WeBuyCars has operations across all 9 of South Africa's provinces. The company sells pre-owned cars, motorbikes, caravans, trailers, and boats. It also facilitates trade-ins, vehicle finance, and vehicle insurance.

The company operates via 3 vehicle sales formats - branches, pods, and customer visits. Larger format branches are more like traditional vehicle showrooms. Pods are smaller format locations, situated in areas like shopping mall car parks. Furthermore, WeBuyCars travels to customers' locations and is able to purchase vehicles on the spot, should the client prefer this method.

WeBuyCars also has a super-showroom, in the form of the WeBuyCars Dome in Johannesburg. The facility can house around 2,000 vehicles, operates 7 days a week, and features an underground test area for boats and jet skis.

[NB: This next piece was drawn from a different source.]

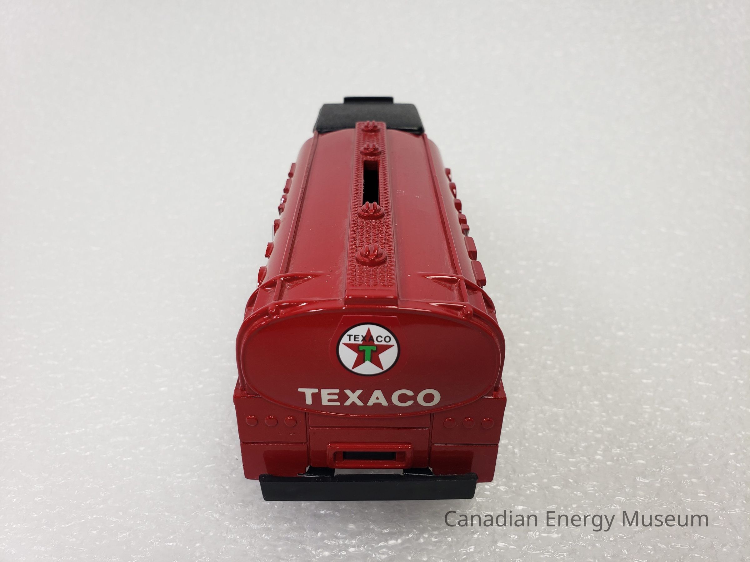 The piece is comprised of metal, plastic, and rubber. The cab and tank of the vehicle are red metal, with black metal running boards/mudguards. The vehicle has branding for Texaco, in the form of a round star logo on the passenger’s door, the raised text “TEXACO” on the left and right sides of the tank, and the round star logo and "TEXACO" text on the rear of the tank. There is also a small text "TEXACO" label above the widescreen of the cab. Other moulded features in the metal are a raised strip along the top of the tank with four raised domes; radiator elements on the hood of the cab; and taillights and licence plate on the rear. Plastic elements include those on the interior (black console, steering wheel, and bench seat), the cab roof (black with a canvas texture), the grill and headlights (silver), front and rear bumpers (black), the wheel spokes (red), and the undercarriage (black). There are eleven wheels total, with two wheels at the front of the vehicle; a spare mounted on the driver's door; and eight wheels at the back of the vehicle in a configuration of four sets of two. The tires are black rubber with the ERTL text logo in the moulding and are functional with a full range of motion. The tanker portion of the vehicle acts as a money bank, with a slit at the top, and a locking closure on the underside (key attached). On the plastic underside of the vehicle are moulded wheel axles, the model's manufacturer's marks, and the serial number (debossed stamp).

The company partners with major South African bank, Capitec, to enable customers to open loans at 9 of its vehicle warehouses.

As of November 2025, the company had a total of 18 branches (what the company calls supermarkets), and 106 pods across South Africa, with most located in the Western Cape and Gauteng.

At the time, 50% of its vehicles were sold to cash purchasers, 25% to vehicle finance purchasers, and 25% to pre-owned dealers who were buying vehicles for their stock.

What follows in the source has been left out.